A representative eQTL R-gene (maker-fvb5-2-snap-gene-4.75) is detailed in Figure 4. Analysis by BLAST2GO indicates a probable disease resistance gene homologous to the Arabidopsis thaliana gene At4g27220 with the Uniprot identifier DRL28_ARATH. This gene is hereafter referred to as “FaDRL28”. A CC-NBS-NLR structure is predicted for FaDRL28 (Figure 4A). An eQTL was detected for this gene relative to chromosome 5 on the F. vesca genome position (Figure 4B). This eQTL is associated with increased transcription of FaDRL28 from near-zero to above 25 TPM (single-marker ANOVA p-value 1.6E-12) (Figure 4C). This eQTL is superficially analogous to the physical position of octoploid FaDRL28 on chromosome 5, homeolog 2 (Figure 4D). The significant markers are not included in the ‘Holiday’ × ‘Korona’ octoploid genetic map, impeding a recombination-based subgenomic genetic association (van Dijk et al. 2014). However, the associated marker physical sequences match fairly uniquely to the ‘Camarosa’ chromosome 5-2 subgenomic locus, confirming a cis-eQTL designation (Figure 4E). One eQTL marker locates inside the FaDRL28 coding sequence.

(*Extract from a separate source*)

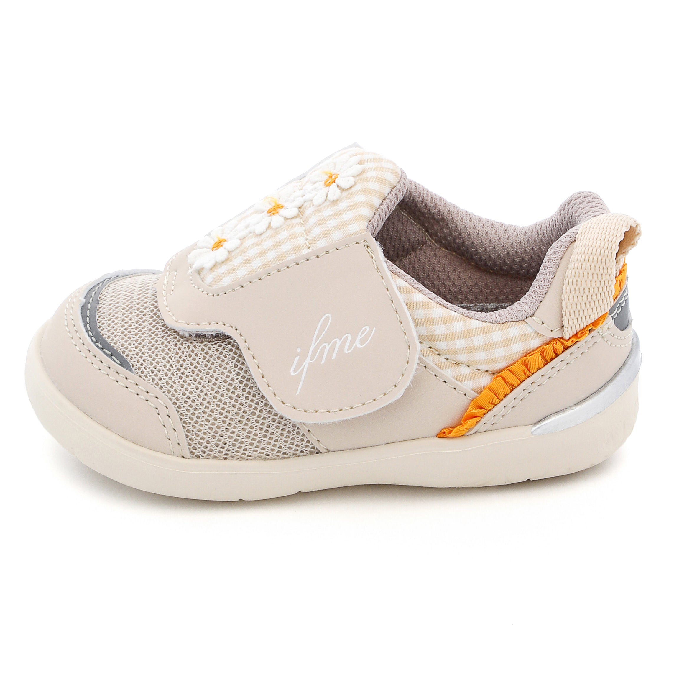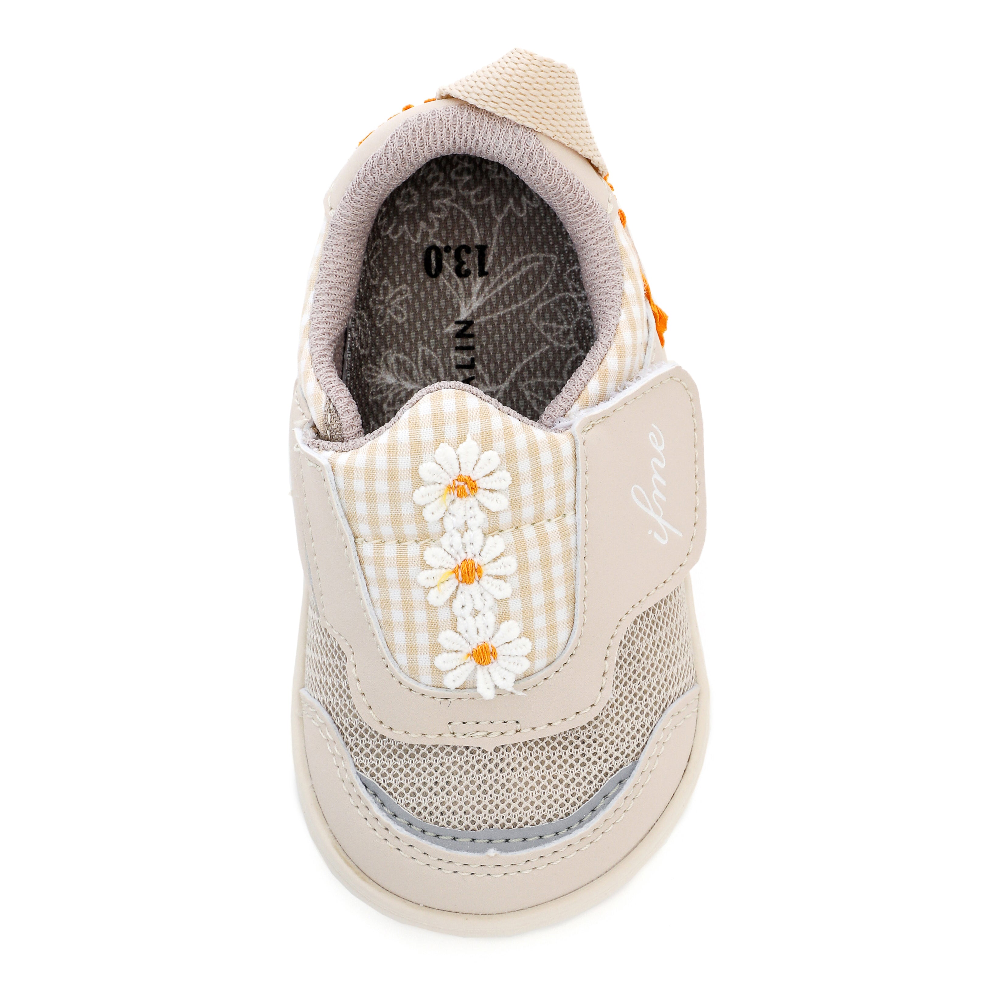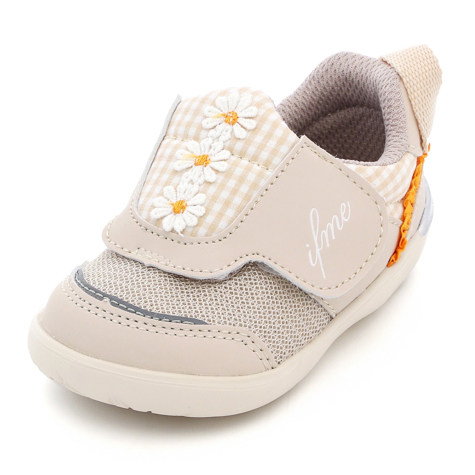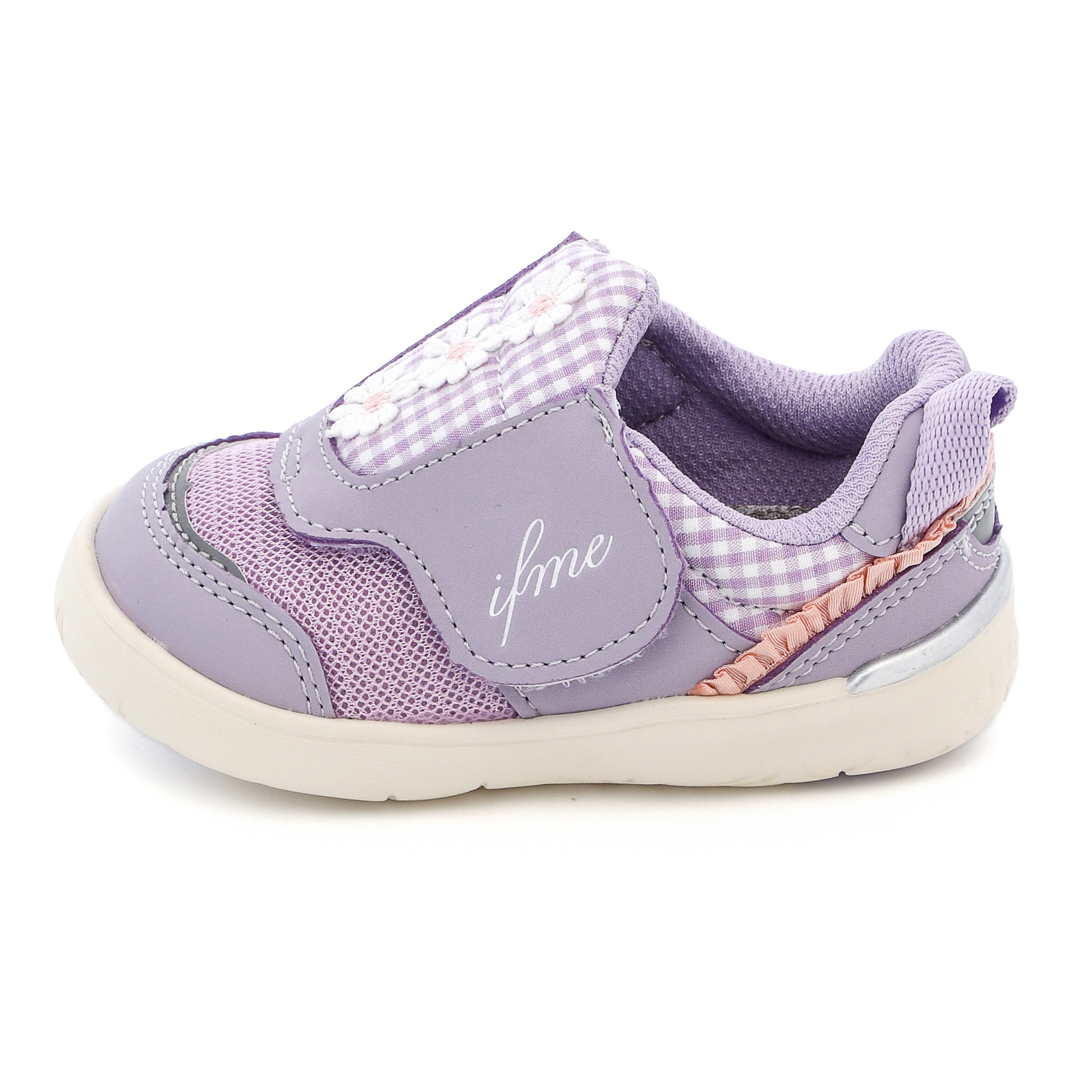 脱ぎ履き簡単なpattoスニーカー。ちょこんと並んだデイジーモチーフが魅力のシューズです。さりげなくあしらったチェック生地にもこだわり、キュートな一足に仕上げました。お揃いでキッズサイズもあります。
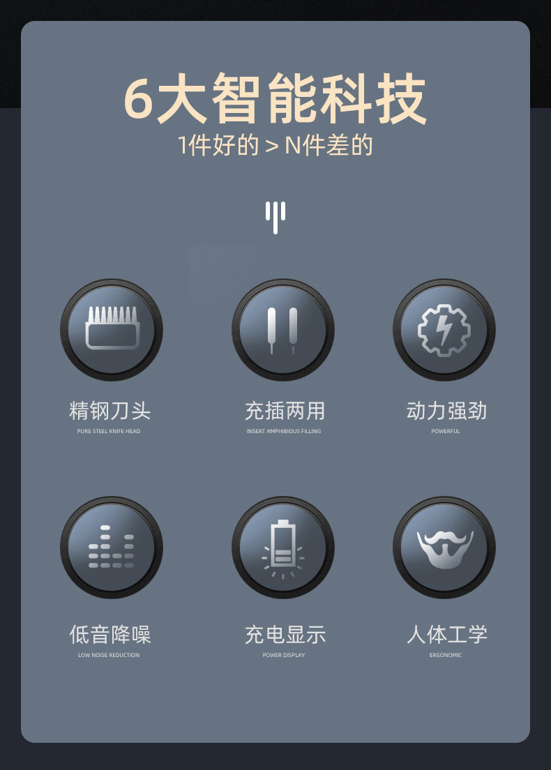 用户痛点解决方案:静音操作减少不适,轻松实现个性化发型。品牌背书:通过国际认证,品质可靠。情感共鸣:让理发成为享受,自信从头开始。

Evolutionary pressure on F. ×ananassa R-genes
Elevated median dN/dS ratios were observed across all 1,962 predicted F. × ananassa R-genes (0.47) compared to non R-genes (0.35) (Figure 5). Fewer R-genes exhibited extremely low dN/dS ratios, indicating that high degrees of R-gene conservation are less common. However, a similar rate of hypervariable genes (dN>>dS) was observed between R-genes and non R-genes. Median dN/dS values for RPW8-type R-genes (0.62) are significantly higher than for general R-genes (0.47) as confirmed by one-way ANOVA [F (1, 1911) = 10.6, P < 0.0012] (Table S1). A complete list of dN/dS ratios for each F. ×ananassa R-gene is provided in Table S1.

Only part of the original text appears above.